Bu ilkeler çerçevesinde Hz. Peygamber (s.a.v.)'in eğitim-öğretimle ilgili faaliyetlerine temas etmek yerinde olacaktır. O, daha Mekke döneminde, kendisine vahyedilen ayetlerin yazılmasına ve bu suretle korunmasına önem vermiştir. Ayetlerin çoğaltılarak dağıtılmasını teşvik etmiştir. Mekke döneminin ilk yıllarında Dârü'l-Erkam'ı bir eğitim-öğretim merkezi olarak kullanmıştır. Burada, Kur'an âyetleri okunuyor, yazılıyor, dinî bilgiler öğreniliyor ve bu bilgilerin pratik uygulaması yapılıyordu. İslâm'ı öğrenmek isteyenler de buraya geliyorlardı. Hz. Peygamber (s.a.v.), hicretten iki yıl önce Mekke'ye gelip Akabe mevkiinde Müslüman olan Medinelilerin eğitimi ile de ilgilenmiş; onların isteği üzerine Kur'an'ı ve İslâm'ın prensiplerini öğretmek için Medine'ye öğretmen  olarakMus'ab bin Umeyr'i göndermiştir.

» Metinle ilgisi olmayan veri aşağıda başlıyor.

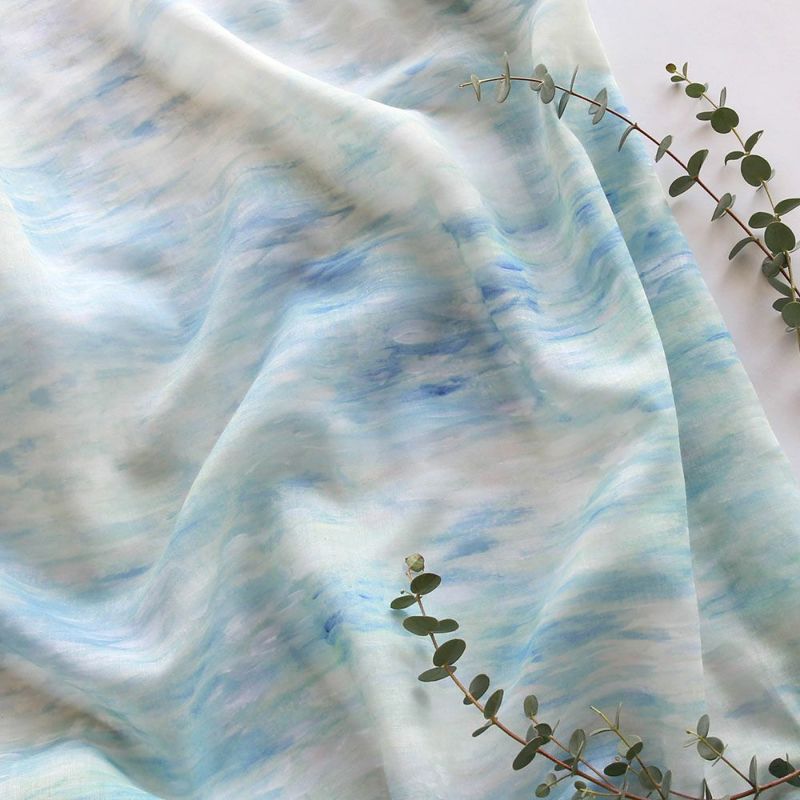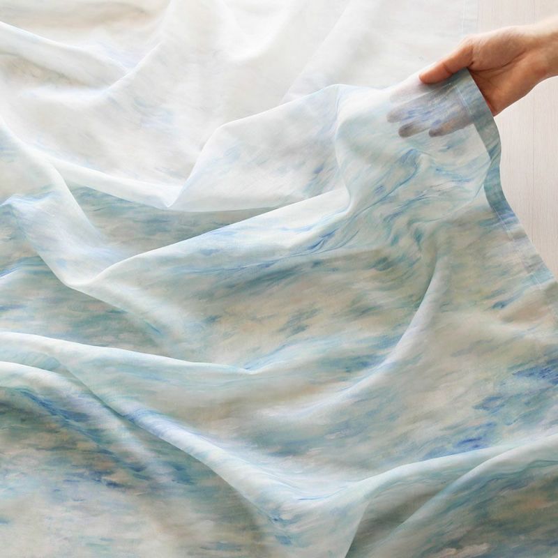 水面を思わせる風景を水彩画タッチで抽象的に描いたボイルプリント。アクアブルーのグラデーション、裾に広がる大胆なパネル柄を眺めると、ゆったりとした心地よさに包まれます。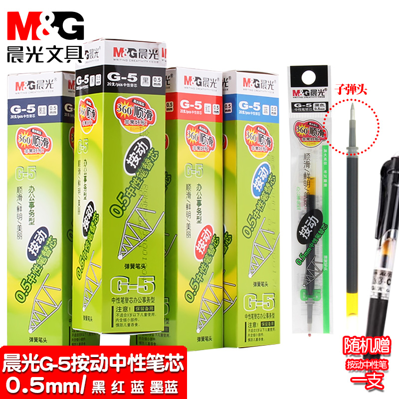包邮晨光中性笔笔芯黑0.5mm0.38mm按动笔芯集合按动中性笔芯外观有趣种类多样红蓝黑墨蓝色按动式替芯晨光
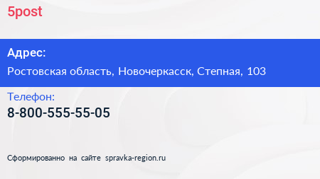 5post по адресу Ростовская область, Новочеркасск, Степная, 103 в дальнейшем Организация, размещена в следующих категориях: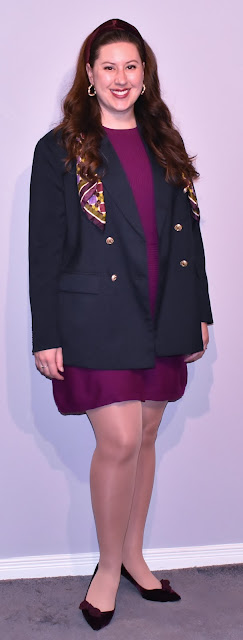 It's still sweater-dress season, so I pulled out my favourite purple dress. I love this sweater dress so much because it's ribbed, which gives it great texture without being too bulky. This means I can layer it - the joy! I added my oversized navy double-breasted blazer for a more laid-back vibe. However, I then draped a printed scarf under the lapel and added some matching velvet pumps. Nude tights and gold hoop earrings complete the chic business-casual outfit. It managed to hit just the right notes of structure, comfort and style. I love when an outfit just comes together so beautifully!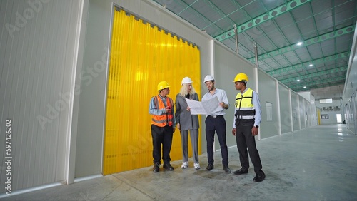 Group of industrial engineers looking project blueprints while standing at large distribution warehouse center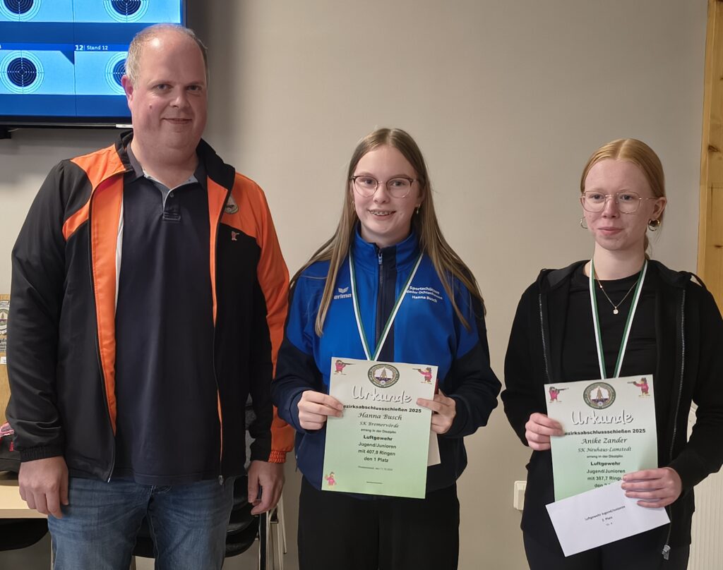 Luftgewehr-Schülerklasse 1. SK Bremervörde (383,6 Ringe), 2. SK Neuhaus-Lamstedt (369,1), 3. SK Zeven (331,5). 1. Laura Marie Buck (BRV/196,5), 2. Nele Zander (N-L/194,8), 3. Mio Dallmann (ZEV/189,9). Jugend/Junioren. 1. SK BRV (793,6), 2. SK N-L (765,4), 3. SK ZEV (737,7). 1. Hanna Busch (BRV/407,8), 2. Annike Zander (N-L/387,7), 3. Stella Wülbern (BRV/385,8).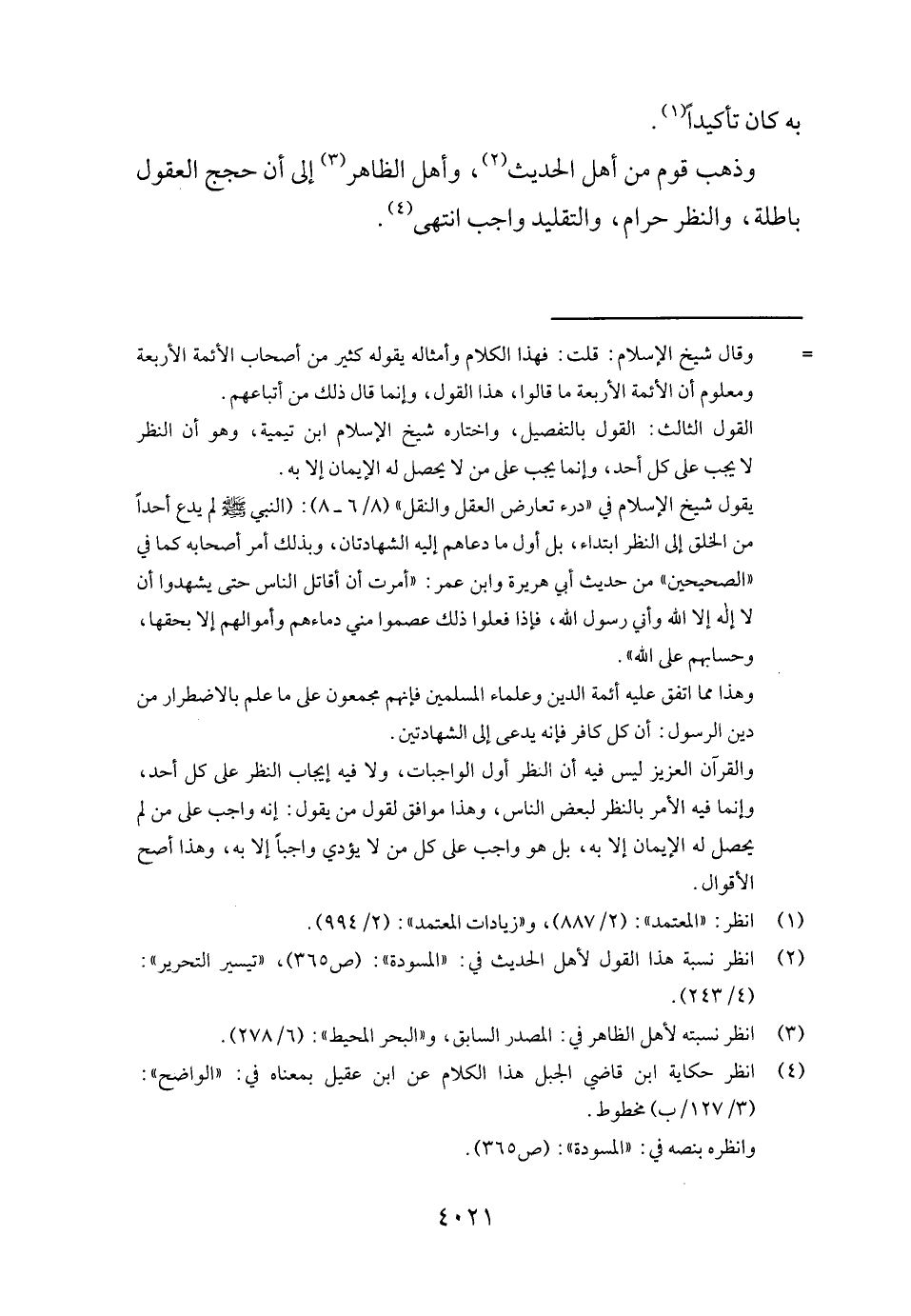 وَذهب قوم من أهل الحَدِيث، وَأهل الظَّاهِر إِلَى أَن حجج الْعُقُول بَاطِلَة، وَالنَّظَر حرَام، والتقليد وَاجِب انْتهى.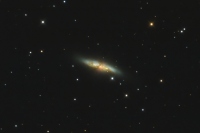 Viem, že to má množstvo chýb, lebo som to celé robil len veľmi na rýchlo keď som zistil že seeing je naprd a že je celkom tma. Takže tvar hviezd kazí zavadzajúci výťah, ešte stále nie presné ustavenie montáže a ku koncu vietor robil z hviezd tiež elipsy. Takisto by som druhý raz inak otočil chip, lebo sa mi takto nezmestila celá galaxia. (je to výrez z obrázku na výšku). No skúsenosti snáď časom prídu.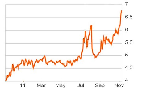Di più, a fronte della rottura della linea Maginot dei 500 punti di cui vi avevo parlato la scorsa settimana (quella garantita dallo spread calcolato su un paniere di bond con rating AAA, Germania, Francia e Olanda), LCH Clearnet, la cassa di compensazione che sovrintende il mercato obbligazionario, ha alzato i margini sulla detenzione del debito italiano, portando quelli sul decennale dal 6,65% all’11,65%, ovvero per detenere 100 euro del nostro debito a 10 anni non servono più 6,65 euro ma 11,65: ecco spiegata la svendita di ieri e il relativo spread a cannone. Barclays Capital ha calcolato che questo aggravio (fra il 3% e il 5%, dipende dal tipo di bond) costerà alle banche italiane 8 miliardi di euro in più. Questo in un momento in cui francesi e tedeschi, con la collaborazione dell’Autorità bancaria europea (l’Eba), hanno scritto regole per la ricapitalizzazione assolutamente a loro favore e contro le banche italiane e spagnole, costrette a salti mortali che non solo porteranno un’automatica stretta creditizia verso famiglie e imprese, ma anche all’accettazione del fatto di essere “figli di un Dio minore”, poiché pur essendo meno esposte alla leva (Unicredit è 14-1, contro il 30-1 di Deutsche Bank) dovranno ricapitalizzarsi più delle loro colleghe teutoniche e transalpine in un momento di illiquidità e congelamento del mercato interbancario.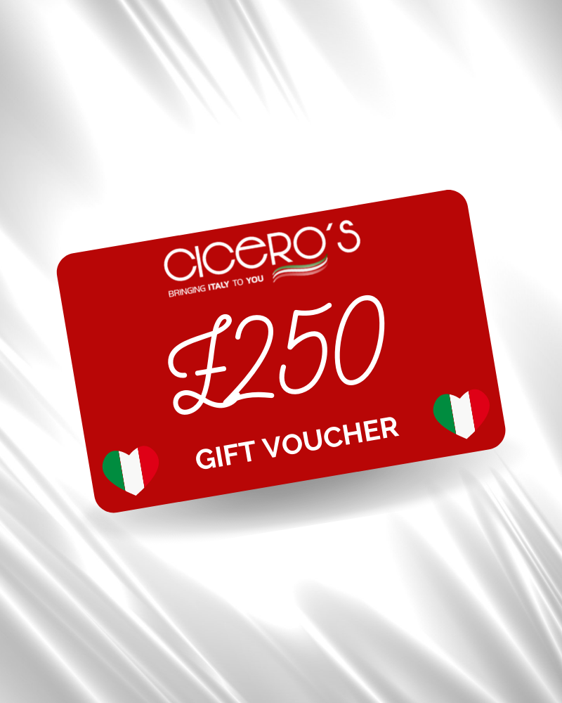 Do you find it hard to think of original gifts to give to friends and family at special occasions? Then why not treat your loved ones to an authentic Italian shopping experience with a £250 Cicero's gift voucher. Perfect for larger occasions, this £250 gift voucher will open up the world of Italian food to a friend or family member for them to fill up their shopping basket with some of the best Italian food products and brands online, and delivered straight to their door!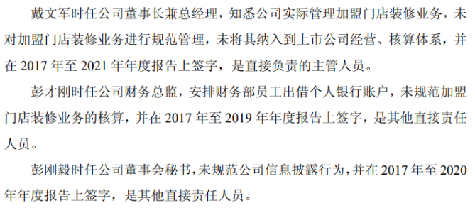 责任链条亦清晰可溯。《事先告知书》显示,时任公司董事长兼总经理戴文军未对加盟门店装修业务进行规范管理,未将其纳入到上市公司经营、核算体系,并在2017年至2021年年度报告上签字,是直接负责的主管人员。时任公司财务总监彭才刚,安排财务部员工出借个人银行账户,未规范加盟门店装修业务的核算,并在2017年至2019年年度报告上签字,是其他直接责任人员;时任公司董事会秘书彭刚毅,未规范公司信息披露行为,并在2017年至2020年年度报告上签字,是其他直接责任人员。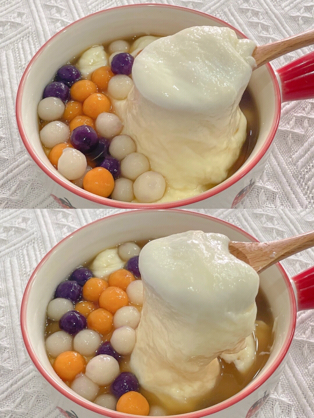 今天给大家分享一款糯叽叽的甜品🍮——芋圆鲜奶麻薯

Hicretten sonra Medine'de Hz. Peygamber (s.a.v.)'in ilk ve önemli faaliyetlerinden birisi, bir ibadet mahalli olmasının yanında, aynı zamanda eğitim-öğretim merkezi olan,Mescid-i Nebevî'yi inşâ etmek olmuştur. Mescid'in bitişiğinde "Suffe" denilen mekanda kalan bazı sahâbîler, Kur'an ve yazı öğrenmekle meşgul oluyorlardı. İslâm'ın temel esaslarını öğrenmek üzere Medine'ye çeşitli bölgelerden gelenlerin bir kısmı da burada kalıyordu. Suffe'deki öğrenci sayısının kimi zaman dört yüze ulaştığı oluyordu. Hz. Peygamber (s.a.v.) burada bizzat ders verdiği gibi, Kur'an ve yazı öğretmek üzere muallimler de tayin ediyordu. Ubâde b. Sâmit adlı sahâbî, burada yazı ve Kur'an öğretenlerden biridir. Hatta sadece Müslüman öğretmenler değil, müşrik öğretmenler de yazı öğretiyordu. Nitekim Bedir savaşında Müslümanların eline esir düşen müşrik askerlerden okur-yazar olup da kurtuluş fidyesi verecek parası bulunmayanlar, on Müslüman çocuğuna yazı öğretmek suretiyle serbest bırakılmışlardır. Zeyd b. Sâbit bu şekilde Arapça okuma yazma öğrenmiştir. Şüphesiz bu uygulama, o dönemin şartları dikkate alındığında muazzam bir gelişmedir.